Это только ночь.
А ночь всегда врет.
Стоит лишь светло-голубому небосводу потемнеть, утратить яркость, надеть сапфировый плащ вечера, стоит лишь зажечься цепочке желтоватых фонарей, чей свет слегка дрожит в стылом темном воздухе, стоит лишь брусчатке в ледовых клочьях впитать этот грязный свет, покрыться матовой желтизной, стоит лишь усталым машинам ярче открыть свои глаза, – как тут же из мира – моего романтического мира – исчезает косой солнечный луч, высвечивающий правду, а на смену ему приходит мерцающий лунный блеск, все преувеличивающий, все изменяющий, но сам по себе иллюзорный, потому что город красит небо медным заревом и никакой луны в нем не видно.
И в эту ночь я как никогда прежде слышал рысиную поступь приближающегося прощания; вдыхал зловонный смрад из скалящейся пасти разлуки; чувствовал на шее когти расставания, о существовании которых прежде даже не мог и помыслить…
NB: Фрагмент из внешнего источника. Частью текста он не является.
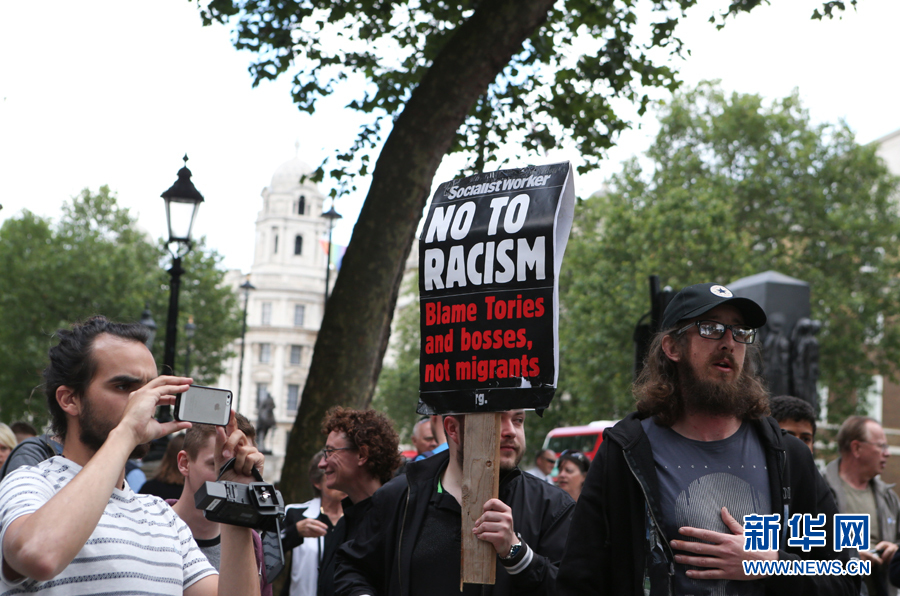 6月26日,在英国伦敦,一部分抗议者手举标语牌抗议“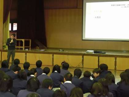 2年生では「異文化をもつ人々との共生を考える」をテーマに、タイ人のポップさんを講師にお招きし、講演を行っていただきました。

Обычно мы с одногруппниками спокойно расходимся прямо около этого столба. Кто-то ждет свой транспорт на этой остановке, кто-то переходит на другую сторону, кто-то идет в магазин за вечерним энергетиком. Но сегодня на пары пришло всего пять человек, которых мы растеряли по пути. Наш отряд, казалось, не заметил потери бойцов.
И вот мы стоим около переполненной остановки, тонем в подмороженном воздухе, рассеянном желтом свете, и я, не отрываясь, смотрю на Нее, пытаясь отсрочить уже подкатывающее к горлу слово «пока», которое мы в шутку привыкли говорить друг другу нараспев тонкими голосами. По снежно-белой куртке струятся чуть поблескивающие на свету белые, с золотым отливом, волосы, вырвавшиеся из-под белой же вязаной шапки в виде чепчика; на шее такого же цвета пышный шарф. Совершенно белая, Она кажется кем-то из другого мира, и все вокруг на мгновение расплывается, обрамляется зыбким, нереальным контуром сна, где ясно видится лишь одно: лицо, вобравшее в себя все сущее. Она вдруг кажется мне роднее и ближе, чем когда-либо прежде. Что за странная игра света и тени, думаю я. Ночью все совсем по-другому. Ночью правят иные законы,
Она тоже смотрит на меня и чего-то ждет – холодом по спине, странным покалыванием в затылке, тонкой дрожью в руках я знаю, чего именно Она ждет. Ждет, что я попрощаюсь.
– Я что-то хотел у тебя спросить, но забыл, – говорю я и глупо улыбаюсь.
Она усмехается и отвечает:
– Ладно, как вспомнишь, так скажешь. Пока-а-а, – тянет она в привычной манере. Я отвечаю тем же.
Ее ладонь ложится мне на спину. Я в ответ приобнимаю Ее одной рукой, чувствую всего две секунды шуршащую поверхность белесой куртки, – на прощание мы привыкли слегка обниматься. Обычная история, так прощаются друзья, прощаются уже довольно долго и это никогда ничего не значило. Но сегодняшняя ночь полна безумия, сегодняшняя ночь все коверкает и за то короткое прикосновение, – которое столько раз уже случалось, которое никогда ничего не значило, как случайное столкновение рук в общественном транспорте, – за то короткое прикосновение я вдруг чувствую в груди взрыв петарды, само биение жизни, вдруг вторгшееся в мое тело, древнее буйство крови… а затем чувствую, как Ее рука отделяется от моей спины, как я делаю то же самое, как Она уходит, махая мне, уходит, уходит, отворачивается и идет к подземному переходу – уходит, уходит… А я стою и пытаюсь хоть как-то объяснить то необъяснимое, что сквозь толстый, бетонный слой дружбы мощной струей прорвалось наружу – пытаюсь объяснить и не могу, потому что никогда прежде такого не было.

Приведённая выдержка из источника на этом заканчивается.